For the measurement of the Larmor frequency, the direction of the proton spin has to be determined. Therefore a strong magnetic field inhomogeneity is superimposed to the Penning trap, which coupled the spin direction of the particle to its axial oscillation frequency. The inhomogeneity is introduced by a ferromagnetic ring electrode, which is made out of Co/Fe. The axial frequency becomes a function of the spin direction. A spin quantum-jump changes the axial frequency by only three ten millionth parts, 200mHz out of 680 kHz. This tiny frequency shift is the measuring signal.

This measuring principle has has been introduced by the Nobel Prize laureate Hans G. Dehmelt who called it "Continuous Stern-Gerlach Effect". It has been applied with great success to measure the magnetic moment of the electron, the positron and the bound electron. These experiments involved magnetic moments on the level of the electron magneton, the Bohr magneton. The magnetic moment of the proton, the nuclear magneton, is 660 times smaller and spin quantum-jumps are thus much harder to detect. Compared to the experiments where an electron is involved, the experimental sensitivity has to be increased by at least 1000 times to detect the spin direction of the proton. Therefore we developed a Penning trap with the strongest magnetic field inhomogeneity which has ever been superimposed to a particle trap. Within a typical distance of 1.5mm the magnetic field changes already by 1 Tesla.
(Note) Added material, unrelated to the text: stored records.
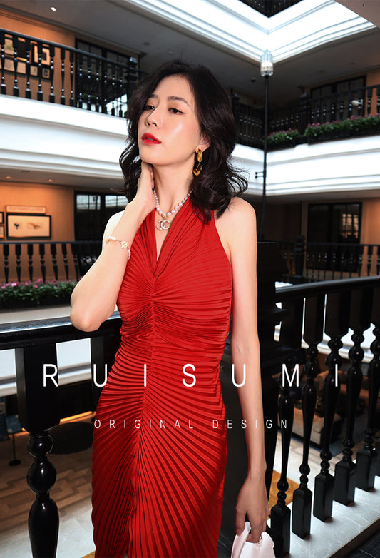 Retro wine red V-neck pleated slit dress red velvet annual meeting dress skirt- Rose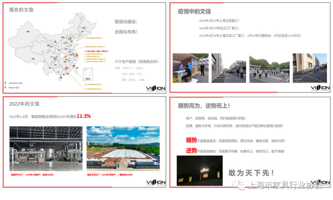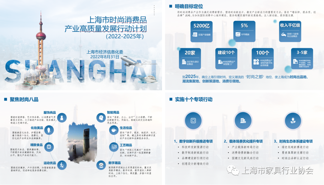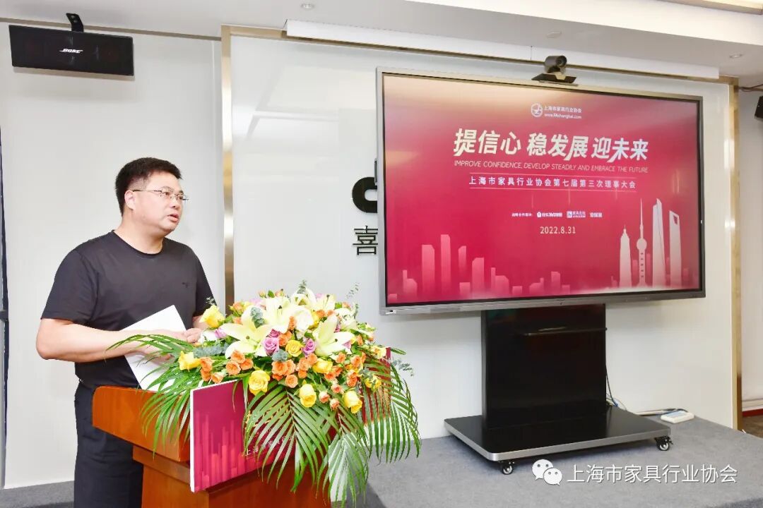 以“提信心 稳发展 赢未来”为主题的上海市家具行业协会第七届三次理事大会,在严格遵守疫情防控要求下,于8月31日在喜盈门国际建材家居品牌中心顺利召开。 本次大会正如大会主题,在疫情过后的艰难时期,为企业提振信心,鼓舞斗志,迎接新的发展机遇,特别邀请上海市经信委都市产业处副处长、调研员由文为大家带来《上海市时尚消费品产业高质量发展行动计划(2022-2025)》解读,邀请上海文信家具集团副总经理唐明辉作《奋战2022》企业成功经验分享。上海市家具行业协会秘书长李霞主持了大会。1、《上海市时尚消费品产业高质量发展行动计划(2022-2025)》解读 时尚家居是时尚消费品产业的重要组成部分,家具企业如何借助时尚消费品产业发展契机,抓住消费升级机遇,完成企业迭代升级?上海市经信委都市产业处副处长、调研员由文在为大家解读《上海市时尚消费品产业高质量发展行动计划(2022-2025)》时,分析了国际时尚消费品产业的发展经验,详细讲解了《行动计划》中的“时尚八品、十个专项行动、三项保障措施”,为时尚消费品产业发展指明了方向。 上海文信家具集团在疫情这三年里,不但没有受到市场冲击,反而实现了突飞猛进的发展,年产值从2018年的3.65亿增长到2021年的6.6亿。今年在市场低迷的情况下,1-6月文信家具集团销售业绩同比2021年增长11.3%。文信家具集团副总经理唐明辉从经营理念、管理思想、战略定位等方面分享了文信的成功经验,给参会企业带来启发和借鉴。 作为本次会议的场地提供方,喜盈门集团运营管理中心运营管理部副总监陈晓峰,代表喜盈门集团对大家的到来表示热烈欢迎,并从产业领域、战略、创新等多方面向大家分享了喜盈门集团的发展历程和经营之道。 上海家协李霞秘书长向大会做了2022年上半年工作报告和下半年工作计划。李霞秘书长从党建工作、疫情期间工作、团标建设、品牌培育、融媒体运营、申报推荐、资源对接等方面总结了上半年工作。又从党建引领、品牌引领、创新赋能、服务规范等四个方面汇报了下半年工作重点。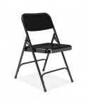 NPS® 200 Series Premium All-Steel institutional-grade folding chair features a heavy-duty powder-coated 18-gauge tubular frame with a 2.25-inch frame strengthener on each side of the seat. Two double-riveted U-braces - one in front and one in back - securely support the double-hinged legs. The seat is designed with a waterfall-style front for added comfort. A supportive full-sized double-contoured backrest features curled safety edges and is electromagnetically tack-welded to the frame. Color-coordinated V-tip stability plugs provide added reinforcement at the frame's junction and matching replaceable glides prevent floor damage.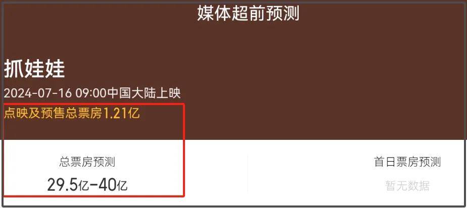 从《抓娃娃》目前票房走势,点映效果相当不错,各大平台预测票房直冲30亿,甚至有媒体预测《抓娃娃》最终票房有望达到40亿,直接预定了暑假档票房冠军位置。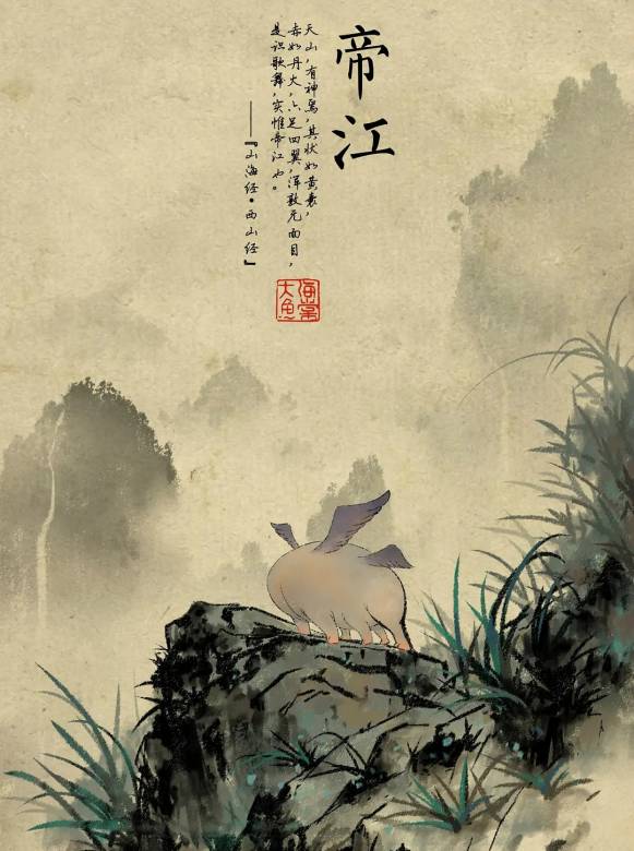 《山海经·西山次三经》:又西三百五十里曰天山……,有神鸟,其状如黄囊,赤如丹火,六足四翼,浑敦无面目,是识歌舞,实为帝江也。

The strong magnetic bottle is required to detect the spin direction of the particle. On the other hand, the large magnetic field inhomogeneity reduces the experimental precision which can principally be achieved. This problem is solved by application of the double-Penning trap technique. The detection of the proton-spin direction and the precision measurements of the Larmor- and the cyclotron frequency are separated in space. The spin direction is measured in the "analysis trap" where the large magnetic bottle is superimposed. The precession measurements of the frequencies are carried out in the "precision trap" where the magnetic field is by a factor of 100000 more homogeneous Between the single experimental steps the particle has to be transported between the Penning traps.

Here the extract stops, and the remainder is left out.